We head back the other way and saw that car traffic started coming through one of the open lanes -- each vehicle had no escape from the revelers and their cans of spray foam. As each one came by, we'd spray the windshield all up -- despite the fact that there was no rain, wipers were a must.
"We need to get in there," Paul suggested. The four of us entered the crowd of happy dancing people and shook our booties as the Cariocas did.
"Cancel my order."
At the table next to us was an old man who came in with two obvious-looking hookers. By the time his meal was over, there were five working girls there, hoping to get a little piece of the action -- and by action I mean the kind that folds and buys you candy. The sextet entertained me, Terence and Paul as we ate our food. Mark just had his head down on the table until he got up to go to the bathroom again. I went to tend to him -- the way he or Terence had done for me many times in New York -- and found out he was fine; he just needed some rest.
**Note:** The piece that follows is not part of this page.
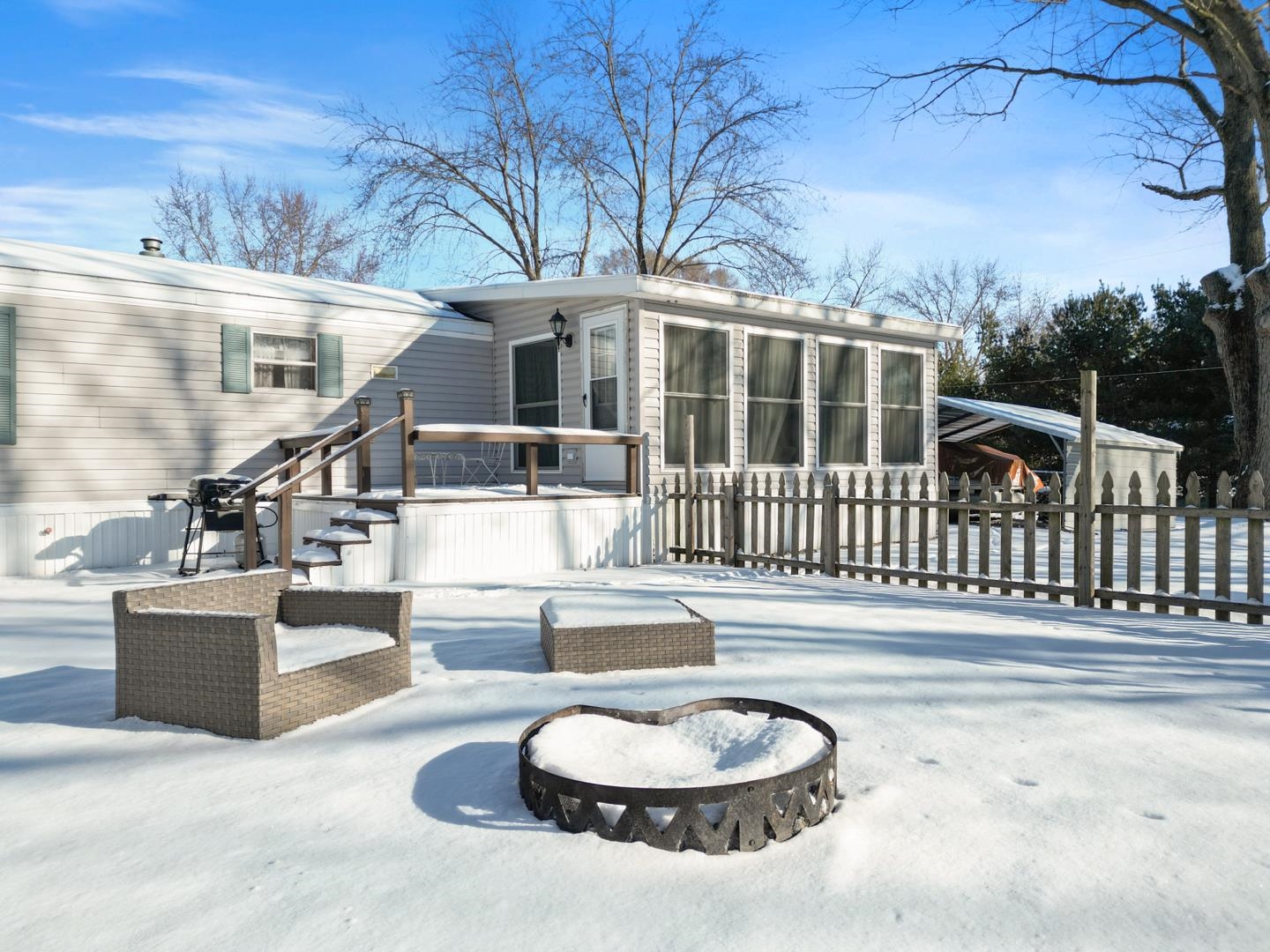 Quiet Mobile Home in Barbee Lakes Area! This home was built in 1998 and offers quick access and close proximity to the Barbee Chain of Lakes where you could rent a pier space and enjoy boating all summer long! The home features a 4 season Room that may end up being your favorite place to gather - A deck is off the back of the porch and you can enter into the rest of the home from the 4 season room. There are 3 bedrooms and 2 full baths with a split floorplan in this home. The kitchen comes with all the appliances and the washer/dryer remain in the laundry room. You can live here year round or utilize it as a vacation destination. This is a quiet area and just a few homes in this area. Lot is large and has a carport and shed to store items. There is even small fenced in area for your four legged kids to come along too!

With the garbage bin a little sloppier than when Mark entered the bathroom, the two of us left for the apartment in Copacabana. Although walkable, we took a taxi. Mark passed out on the sofa.
Lara was still out, so I left her a note to excuse my brother's state -- also so she wouldn't mistake him for me -- and went out to meet Terence and Paul. They had already walked bck toward my apartment with a doggie bag of food, so we went up to put it in the fridge. I was all set to go out again, but then Terence passed out, leaving Paul and myself to just lounge around the living room to watch television and sing the theme song of The O.C.
Soon Lara came home from hanging out with her Guernsey crew and joined Paul and I in marveling at the state of Mark and Terence. Eventually I got the two guys up and we hopped in a cab to their apartment in the quieter residential neighborhood of Santa Teresa, away from the samba, the booze, and above all, the spray party foam.